→ EXERCISE DATA:
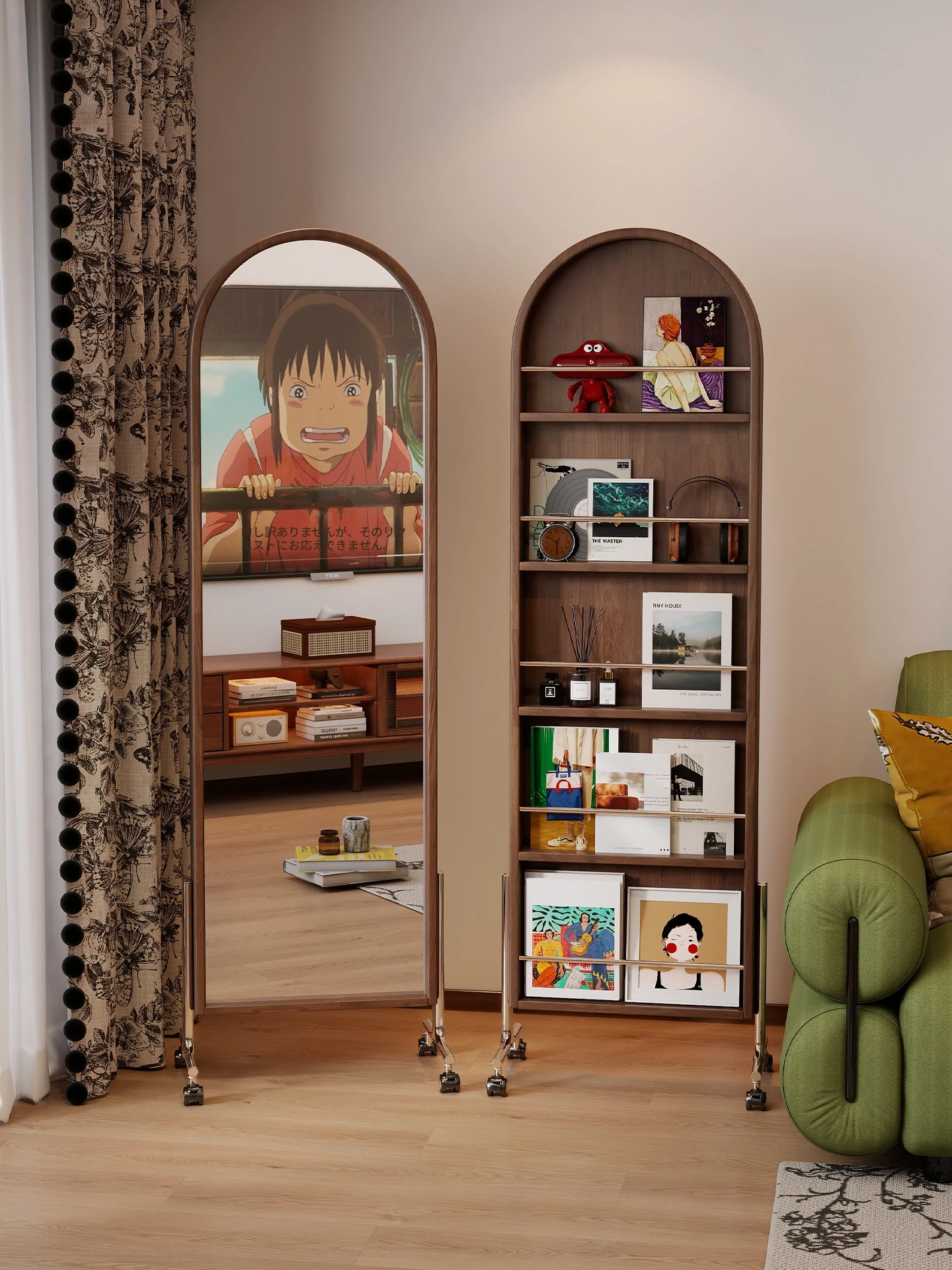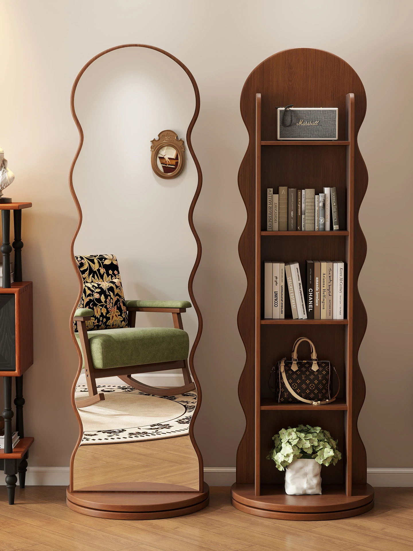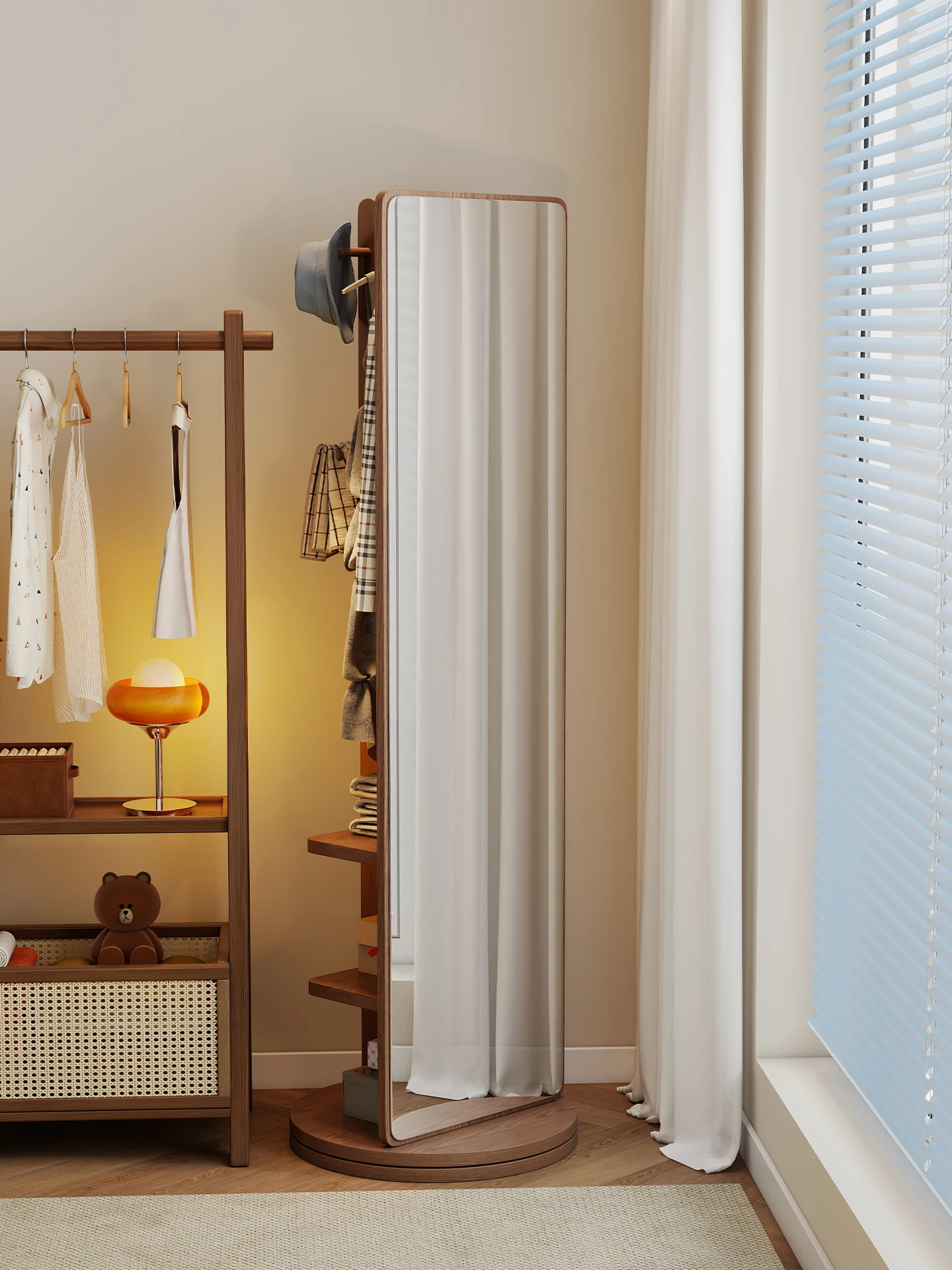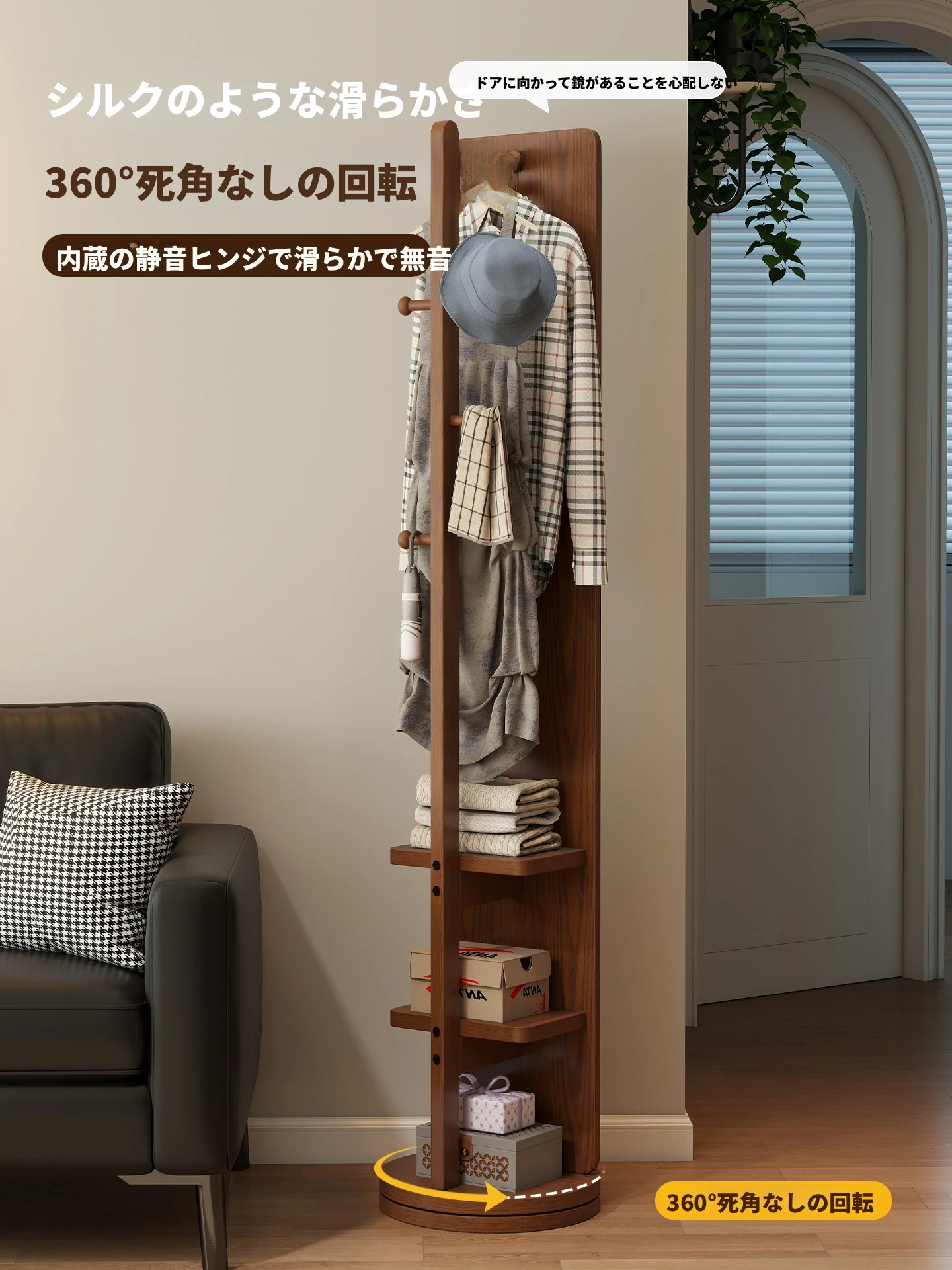 高品質な無垢材の全身鏡!自宅用の寝室に最適、回転式で便利な試着鏡。衣類ハンガー一体型で、スタイリッシュなデザインが魅力。おしゃれな空間を演出し、毎日のコーディネートが楽しくなるアイテムです!
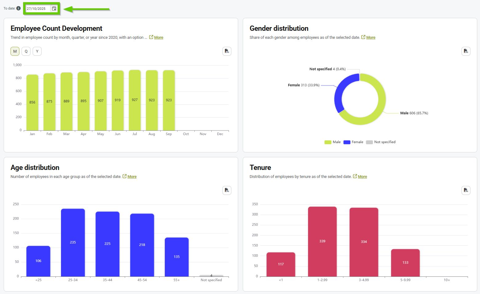 - Total number of employees - shows the number to date
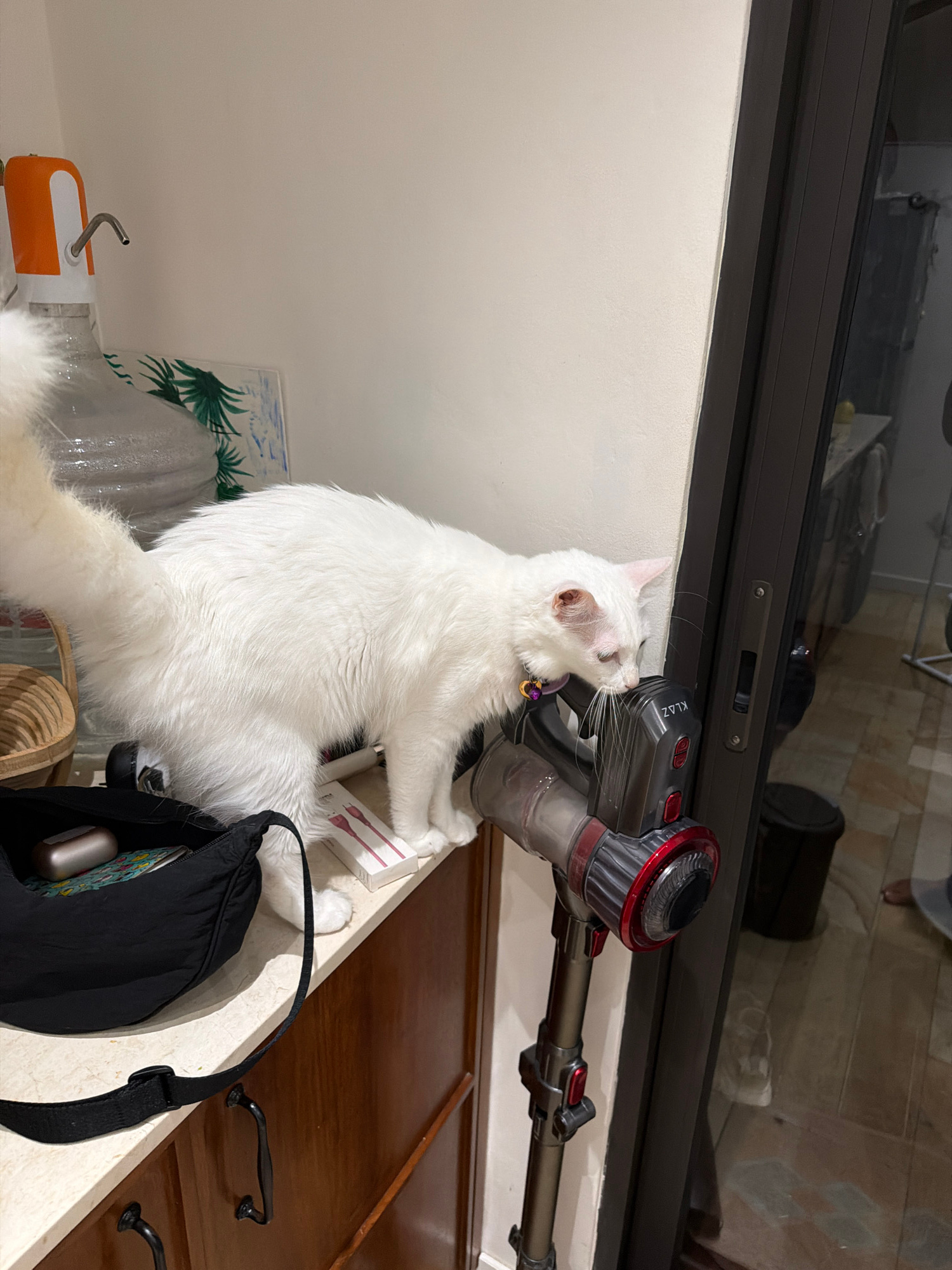 A white cat stands on a countertop next to a gray and red vacuum cleaner. The cat is facing the vacuum, with its head close to the vacuum's nozzle. A black bag with a strap is also on the counter near…read more
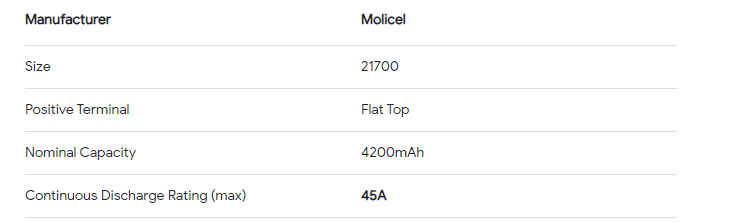بهترین مطلق 21700 جریان بالا در بازار: Molicel P45B. این سلول برای سازندگان سوپراسپرت ساخته شده است تا ظرفیت بالایی داشته باشد و در عین حال دارای مقاومت داخلی فوق العاده کم باشد. این بدان معناست که سلول می تواند جریان های بسیار بالایی داشته باشد در حالی که خنک می ماند.

→ ASSIGNMENT: Pictures stay out; output the lines from the top of the listing above through the line containing "A white cat", exactly as they stand.

→ WRITTEN ANSWER:
 高品質な無垢材の全身鏡!自宅用の寝室に最適、回転式で便利な試着鏡。衣類ハンガー一体型で、スタイリッシュなデザインが魅力。おしゃれな空間を演出し、毎日のコーディネートが楽しくなるアイテムです!
 - Total number of employees - shows the number to date
 A white cat stands on a countertop next to a gray and red vacuum cleaner. The cat is facing the vacuum, with its head close to the vacuum's nozzle. A black bag with a strap is also on the counter near…read more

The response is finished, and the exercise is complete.